At an Initial Status Conference on June 30, 2014, the parties requested, and the Court agreed, that discovery would proceed in two phases, with a three-month first phase of discovery relating to collective action certification only, to be followed by the filing of a class certification motion. See Revised Scheduling Order, ECF No. 28. The second phase of discovery, relating to all other discovery, would not commence until a decision on the collective action certification question had been made. During the first phase of discovery, Plaintiffs propounded interrogatories and document requests, to which Defendants responded. They also conducted depositions of Defendants Daniel Choi and Pyoung Choi. On September 2, 2014, Defendants filed a Motion for Partial Summary Judgment as to Plaintiff Chitay in which they argued that documentary evidence, specifically biometric timecards and pay ledgers, established that Chitay was properly compensated for his overtime work. Mot. Summ. J. ¶ 3, ECF Nos. 31. 32. Plaintiffs opposed the Motion. ECF No. 33.

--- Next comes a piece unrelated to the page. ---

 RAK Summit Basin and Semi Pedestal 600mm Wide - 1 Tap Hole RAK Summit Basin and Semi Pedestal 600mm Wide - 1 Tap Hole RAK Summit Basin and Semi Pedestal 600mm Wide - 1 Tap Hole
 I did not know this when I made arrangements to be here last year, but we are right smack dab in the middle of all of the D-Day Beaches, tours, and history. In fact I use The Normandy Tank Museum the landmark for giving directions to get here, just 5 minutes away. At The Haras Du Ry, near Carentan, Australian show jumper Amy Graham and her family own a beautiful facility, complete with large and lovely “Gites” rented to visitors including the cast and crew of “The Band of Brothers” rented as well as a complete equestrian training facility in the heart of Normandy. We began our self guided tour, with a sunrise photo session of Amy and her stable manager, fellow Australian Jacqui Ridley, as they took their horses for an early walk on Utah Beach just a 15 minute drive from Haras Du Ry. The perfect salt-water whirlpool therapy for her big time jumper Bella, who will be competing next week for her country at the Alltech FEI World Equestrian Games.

On October 3, 2014, after the close of the first phase of discovery, the parlies filed, and the Court granted, a Joint Motion to Stay All Deadlines to allow for a period of settlement negotiations. Joint Mot. to Stay, ECF No. 34, 35. On October 21, 2014, the parties filed a Joint Motion for Approval of Settlement in which they reported that the parties had conducted settlement discussions beginning on or about August 15, 2014. Joint Mot. Approval Settlement ¶ 14, ECF No. 36. After initial discussions did not lead to a resolution, the parties restarted settlement negotiations on October 8, 2014 and exchanged relevant information. Id. ¶¶ 14-15. The parties then reached a settlement consisting of the following:
1. Hernandez and De Leon would each receive (a) $15,125.48 in gross wages, minus applicable taxes and deductions; and (b) $15,125.48 in liquidated damages;Id. ¶ 15.

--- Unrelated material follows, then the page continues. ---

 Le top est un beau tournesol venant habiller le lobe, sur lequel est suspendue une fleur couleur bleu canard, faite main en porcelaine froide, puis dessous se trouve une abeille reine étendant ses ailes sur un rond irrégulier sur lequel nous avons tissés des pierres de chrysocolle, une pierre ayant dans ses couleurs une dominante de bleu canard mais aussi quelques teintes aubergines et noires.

2. Chitay would receive (a) 15,102.90 in gross wages, minus applicable taxes and deductions; and (b) $15,102.90 in liquidated damages;
3. Defendants would pay $90,000 to Plaintiffs' counsel for attorney's fees and costs.
DISCUSSION
I. Legal Standard
Congress enacted the FLSA to protect workers from substandard wages and oppressive working hours. Barrentine v. Ark.-Best Freight Sys., 450 U.S. 728, 739 (1981). Because of the significant inequalities in bargaining power between employers and employees, the statute's provisions are mandatory and generally are not subject to bargaining, waiver, or modification by contract or settlement. See Brooklyn Sav. Bank v. O'Neil. 324 U.S. 697, 706 (1945). A court-approved stipulated judgment or settlement is an exception to that rule. See D. A Schulte, Inc. v. Gangi, 328 U.S. 108, 113 n.8 (1946); Lynn's Food Stores, Inc. v. United States, 679 F.2d 1350, 1355 (11th Cir. 1982). Such a settlement may be approved provided that it reflects a "reasonable compromise of disputed issues" rather than "a mere waiver of statutory rights brought about by an employer's overreaching." Lynn's Food Stores, 679 F.2d at 1354; accord Saman v. LBDP, Inc., No. DKC-12-1083, 2013 WL 2949047, at *2 (D. Md. June 13, 2013).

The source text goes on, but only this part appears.